_SUPPLIED DATA_
▼

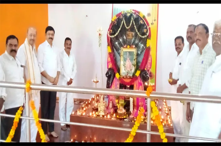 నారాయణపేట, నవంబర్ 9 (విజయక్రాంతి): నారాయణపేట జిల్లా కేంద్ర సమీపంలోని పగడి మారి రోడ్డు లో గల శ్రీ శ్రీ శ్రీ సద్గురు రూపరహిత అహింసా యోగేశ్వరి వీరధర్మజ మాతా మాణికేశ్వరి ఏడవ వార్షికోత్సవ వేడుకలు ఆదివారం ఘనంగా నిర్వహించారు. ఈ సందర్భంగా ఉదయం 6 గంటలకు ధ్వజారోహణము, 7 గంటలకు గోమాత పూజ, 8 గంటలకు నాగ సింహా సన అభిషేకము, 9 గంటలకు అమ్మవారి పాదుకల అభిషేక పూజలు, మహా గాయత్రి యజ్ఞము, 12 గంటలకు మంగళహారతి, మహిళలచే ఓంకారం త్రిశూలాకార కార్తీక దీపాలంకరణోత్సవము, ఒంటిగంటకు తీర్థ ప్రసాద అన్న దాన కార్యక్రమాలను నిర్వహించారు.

▲
▼

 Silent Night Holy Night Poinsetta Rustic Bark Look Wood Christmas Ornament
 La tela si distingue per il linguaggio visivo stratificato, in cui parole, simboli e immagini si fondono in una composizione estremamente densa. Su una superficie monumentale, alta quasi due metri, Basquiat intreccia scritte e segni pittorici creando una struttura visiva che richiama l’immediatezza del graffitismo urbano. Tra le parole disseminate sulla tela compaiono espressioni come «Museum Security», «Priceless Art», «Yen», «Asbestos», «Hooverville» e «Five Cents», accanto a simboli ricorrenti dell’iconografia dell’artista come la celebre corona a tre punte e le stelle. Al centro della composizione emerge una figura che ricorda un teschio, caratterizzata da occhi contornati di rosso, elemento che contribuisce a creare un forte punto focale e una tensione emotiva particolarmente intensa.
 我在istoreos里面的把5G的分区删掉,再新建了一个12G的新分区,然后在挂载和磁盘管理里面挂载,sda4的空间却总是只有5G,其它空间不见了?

▲

_TASK INSTRUCTIONS_
For the material above, reproduce exactly the lines from the line with "La tela si distingue" to the line with "我在istoreos里面的把", inclusive, and exclude all others.

_WRITTEN RESPONSE_
 La tela si distingue per il linguaggio visivo stratificato, in cui parole, simboli e immagini si fondono in una composizione estremamente densa. Su una superficie monumentale, alta quasi due metri, Basquiat intreccia scritte e segni pittorici creando una struttura visiva che richiama l’immediatezza del graffitismo urbano. Tra le parole disseminate sulla tela compaiono espressioni come «Museum Security», «Priceless Art», «Yen», «Asbestos», «Hooverville» e «Five Cents», accanto a simboli ricorrenti dell’iconografia dell’artista come la celebre corona a tre punte e le stelle. Al centro della composizione emerge una figura che ricorda un teschio, caratterizzata da occhi contornati di rosso, elemento che contribuisce a creare un forte punto focale e una tensione emotiva particolarmente intensa.
 我在istoreos里面的把5G的分区删掉,再新建了一个12G的新分区,然后在挂载和磁盘管理里面挂载,sda4的空间却总是只有5G,其它空间不见了?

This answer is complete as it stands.